Don’t give up now
All of us who wear or have worn a military uniform, and all of our family members, mourn for those 13 U.S. servicemen and women killed this week in an ISIS-K suicide attack at Kabul Airport. We know their lives were cut short while serving a greater good, which was to help fellow citizens and Afghans who fought alongside our forces a way out of a Taliban-controlled country. Many of us – I am one – believe to give one’s life that another human being may live is among the most noble things on earth.
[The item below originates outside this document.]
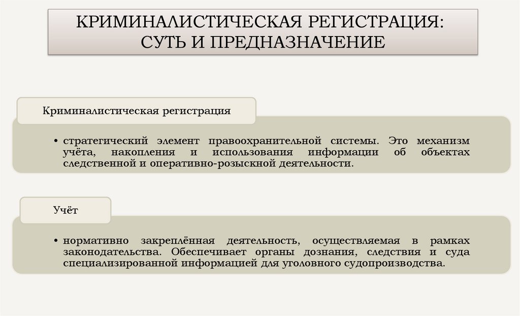 КРИМИНАЛИСТИЧЕСКАЯ РЕГИСТРАЦИЯ:СУТЬ И ПРЕДНАЗНАЧЕНИЕ

That attack, with some 180 Afghan women, children and men killed and hundreds badly wounded, is the harbinger of the future for Afghanistan. ISIS-K hates the U.S., but they hate the Taliban equally, and will continue and likely expand their horrific attacks on civilians, that have included in the past few years attacks on a Kabul maternity ward, killing mothers and newborns, as well as a massive attack on a girls school that killed some 85 girls. The chaos in Afghanistan left by our American and NATO departure will only get worse.
It is very clear now, as the 31 August withdrawal date is hours away, that many deserving Afghans with Special Immigrant Visas to the U.S. and other allied countries will not get out on the evacuation flights that are coming to a close. We owe them something more than our sympathies.
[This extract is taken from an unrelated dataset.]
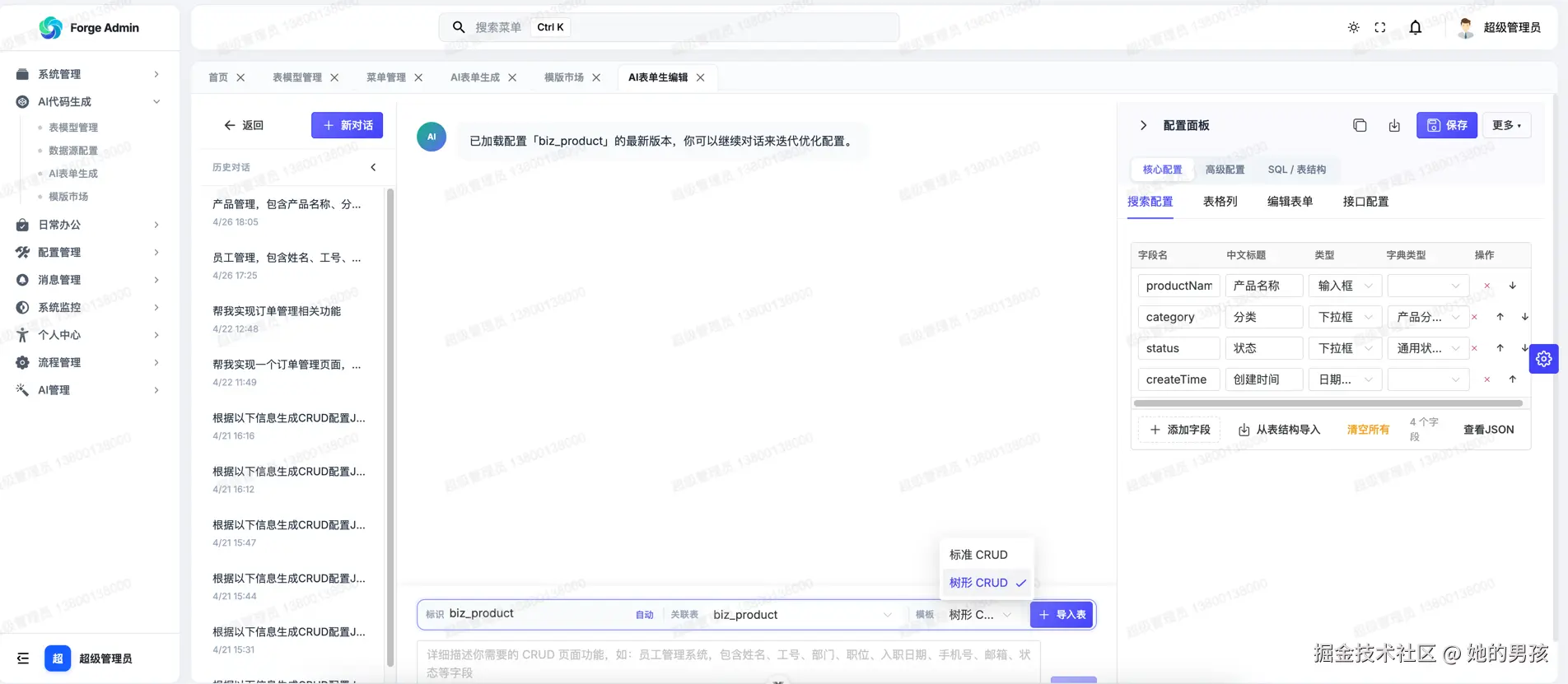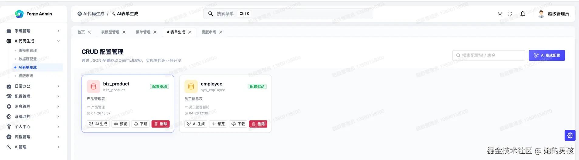 ✅ Forge Admin AI 代码生成

There has been talk in diplomatic circles of requesting the United Nations establish a special access area in Kabul for those Afghans with the required paperwork to continue to depart, perhaps on civilian flights. With no military force to back such a resolution, it is very doubtful it is practical in any realistic sense. The Taliban have already said they don’t want Afghans with education and skills leaving the country.
A more realistic but extremely challenging endeavor would be to establish alternate ways – several would be best – to continue to extricate those Afghans that supported the U.S. and NATO, in spite of the Taliban. Some have termed it an “underground.” Call it what you will, but the intent would be to quietly, perhaps covertly, locate deserving individuals and families and move them by vehicles, clandestine air, by foot if necessary, out of Afghanistan, and eventually to America. Risky? Absolutely! Expensive? Yes, but what price do we place on the life of someone who fought alongside us for years? Will it anger the Taliban? Certainly…and that is just too bad for them.
Those who offered to give their lives to serve next to us in combat now need us to give it our all to help them – just as those 11 Marines, a sailor and soldier – gave their lives for a greater good.